Через гулкие коридоры снова на улицу, затем в здание Уголовного суда — Тедди передвигался, словно в трансе, выполняя па из какого-то сомнамбулического балета, разыгрываемого среди теней, хореографию которого ему самому предстояло изобрести. Он что-то потерял, но не мог вспомнить, что именно.

Да, он должен был принять решение — вот оно что. Виновен или невиновен… Он чувствовал себя виновным. Возможно, это была вина в понятии высшего разума, а не в юридических терминах. Мимо зала заседаний Тедди провели в другую комнату.

— Как с вами обращаются? — спросил Дейл.

— Я — примерный ученик.

— Вы опознали Лопеса? — с сомнением спросил Алекс.

— Нет, но я указал на несколько человек, похожих на него.

— Закусочную проверили, Лопес исчез приблизительно сразу после ограбления. Владелец не может сказать точнее. У них очень большая текучесть рассыльных.

— Вы определились со своим решением, Тедди? У нас осталось двадцать минут до предъявления обвинения.

— Я просто не знаю.

— Положитесь на нас двоих, — взмолился Дейл.

— Как я могу? Если бы ответственность лежала на вас, я положился бы на ваш совет, но мне нужно время, чтобы понять самого себя. Видите ли, когда я пришел сюда сегодня утром, я был уверен.

— Отвергнуть обвинение Сэндфорда — это я взял на себя, — сказал Алекс.

— Каково оно?

— Убийство по первому разряду и ограбление по третьему. Я сказал, что вы принимаете только ограбление.

— Я только что вспомнил, Джон. Вы не свяжетесь с Робби — как можно скорее?

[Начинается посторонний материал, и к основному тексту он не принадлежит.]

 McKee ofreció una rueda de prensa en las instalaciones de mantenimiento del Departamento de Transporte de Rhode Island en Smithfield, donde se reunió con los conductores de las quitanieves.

— Я уже сделал это. Он прилетает сегодня днем.

— Барбара знает, где я?

— Да, — сказал Алекс, — я звонил ей.

— Я могу попросить вас обоих об одной вещи? Это поможет мне.

— Да, конечно.

— Я виновен в убийстве или нет? Единственный раз я не желаю прибегать к уловкам. Использовать деньги, изощренную линию защиты, чтобы победить закон. И в то же время я не хочу стать жертвенной овечкой. Что вы скажете? Видите ли, я хочу отыскать дорогу, которая проведет меня через все это. Хочу удовлетворения. Я нанес рану, но поранил и себя, не только тем, что я здесь, в суде, я действительно нанес себе увечье и одним действием хочу залечить обе раны.

— Я — адвокат, мистер Франклин, и все, что я могу сделать для вас, — это предоставить самую хорошую и активную защиту, на которую способен. В действительности мне нет дела до того, виновны вы или нет. В любом случае вы имеете право на защиту. Теперь — вы задали непростой вопрос, и на него нет готового ответа. Но есть пути искать ответ. Во-первых, вы не виновны в убийстве, хотя и создали благоприятную среду для него. В ваши намерения не входило убийство. Если бы вы, а не грабители оказались в тот момент в квартире и появился бы портье, вы ударили бы его ножом?

— Честно?

— Да.

— Я не знаю, что бы я сделал?

— Но факты таковы, что вы не убивали, — твердо заявил Дейл.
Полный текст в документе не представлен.